**TASK REQUIREMENTS**: Exactly as written, output the lines below starting from the first and ending with the line that contains "Long signature grigri"; omit pictures.
● ● ● ● ●
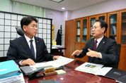 내고향뉴스 박성환 기자 | 충북 괴산군은 13일, 송인헌 군수가 국회를 방문해 지역 현안사업의 정부 예산 반영을 위해 국회의원들과 면담하고 예산안 심의에 적극 협조를 요청했다고 밝혔다. 송 군수는 이날 한병도 예결위원장을 비롯하여 이재관·박형수 국회의원을 만나 괴산의 미래 성장 기반 마련과 군민 삶의 질 향상을 위한 핵심 사업 6건을 설명하며, 국비 차원의 예산 증액 협조를 적극 요청했다. 군이 건의한 주요 사업은 △괴산육군학생군사학교 체력단련장 조성사업(총사업비 300억 원), △불정목도지구 도시침수예방사업(266.4억 원), △괴산군 자원순환센터 매립시설 3단계 1단 증설사업(25.3억 원), △주진N2지구 급경사지 붕괴위험지역 정비사업(6억 원) △광진지구 농촌용수개발사업(113억 원) △산촌활성화지원센터 관리(50억 원) 등이다. 해당 사업들은 기존 시설의 노후화와 지역 환경 변화에 대응해 군민의 삶의 터전을 안정적으로 마련하는 핵심 사업이다. 특히 괴산육군학생군사학교 체력단련장 조성사업은 학군교 유휴부지를 활용해 군 장병 복지 증진과 함께 지역 체육 인프라를 확충하고, 경제 활성화에도 기여
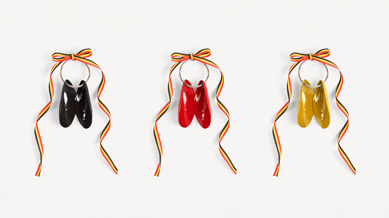 Long signature grigri stud earrings clasping a garnet in 18 ct. gold
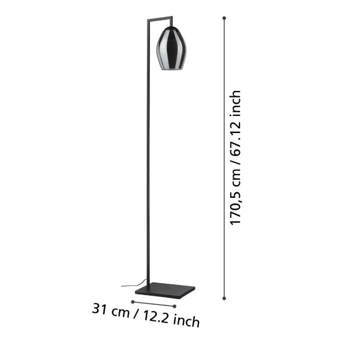 Ampul Duy Tipi: E27 Maksimum Watt: 1X40W Ürün Yüksekliği: 171.5 cm Ürün Çapı: 19 cm Net Ağırlık: 5.9 Kg Ana Materyal: Çelik Ana Renk: Siyah Cam/Şapka Materyali: Buharlaşmış Cam Cam/Şapka Rengi: Siyah-Şeffaf IP Durumu: IP20 Anahtar Tipi: Ayak Anahtarlı Ürün Voltajı: 220-240V,50/60Hz
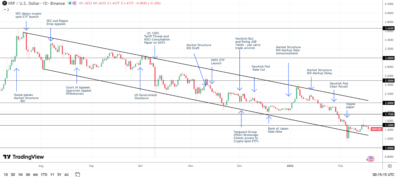 Drivers: Geopolitical tensions, persistent ETF outflows, and any delays in regulatory bills could push XRP toward the $1.0 support level.
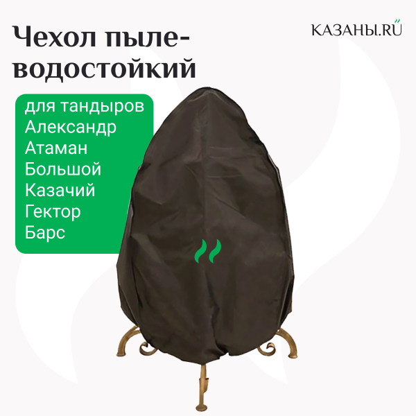 Высота тандыра с крышкой - 93 см, без крышки - 63 см. Диаметр жаровни в широкой части - 55 см, горловины - 32 см. Толщина стенок - от 5 см. Большое отверстие горловины позволяет использовать в тандыре емкие аксессуары: большие этажерки, камни с увеличенным диаметром, чугунки.
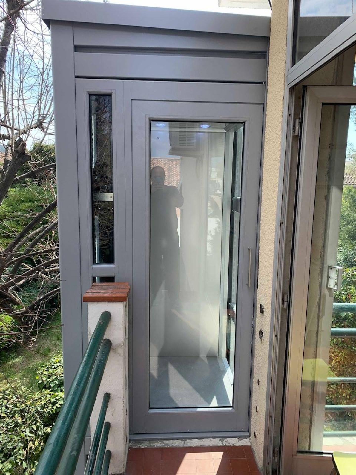 Nous avons installé un ascenseur privatif extérieur à Marignane, à proximité de Marseille et Aix-en-Provence, pour permettre à un monsieur âgé de rester vivre chez lui.
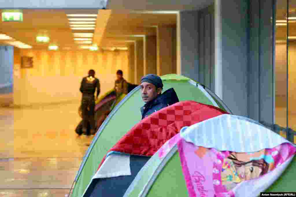 В последнем случае они пережидают время в раскинутых здесь же и в переходе станции метро палатках.
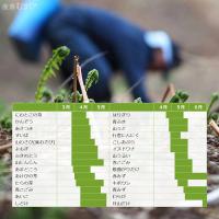 山形県最北の山を知り尽くす名人が、山に分け入り、山に芽吹く恵みを摘んで参ります。上図が凡その採集時期です。
● ● ● ● ●
**REPLY**:
 내고향뉴스 박성환 기자 | 충북 괴산군은 13일, 송인헌 군수가 국회를 방문해 지역 현안사업의 정부 예산 반영을 위해 국회의원들과 면담하고 예산안 심의에 적극 협조를 요청했다고 밝혔다. 송 군수는 이날 한병도 예결위원장을 비롯하여 이재관·박형수 국회의원을 만나 괴산의 미래 성장 기반 마련과 군민 삶의 질 향상을 위한 핵심 사업 6건을 설명하며, 국비 차원의 예산 증액 협조를 적극 요청했다. 군이 건의한 주요 사업은 △괴산육군학생군사학교 체력단련장 조성사업(총사업비 300억 원), △불정목도지구 도시침수예방사업(266.4억 원), △괴산군 자원순환센터 매립시설 3단계 1단 증설사업(25.3억 원), △주진N2지구 급경사지 붕괴위험지역 정비사업(6억 원) △광진지구 농촌용수개발사업(113억 원) △산촌활성화지원센터 관리(50억 원) 등이다. 해당 사업들은 기존 시설의 노후화와 지역 환경 변화에 대응해 군민의 삶의 터전을 안정적으로 마련하는 핵심 사업이다. 특히 괴산육군학생군사학교 체력단련장 조성사업은 학군교 유휴부지를 활용해 군 장병 복지 증진과 함께 지역 체육 인프라를 확충하고, 경제 활성화에도 기여
 Long signature grigri stud earrings clasping a garnet in 18 ct. gold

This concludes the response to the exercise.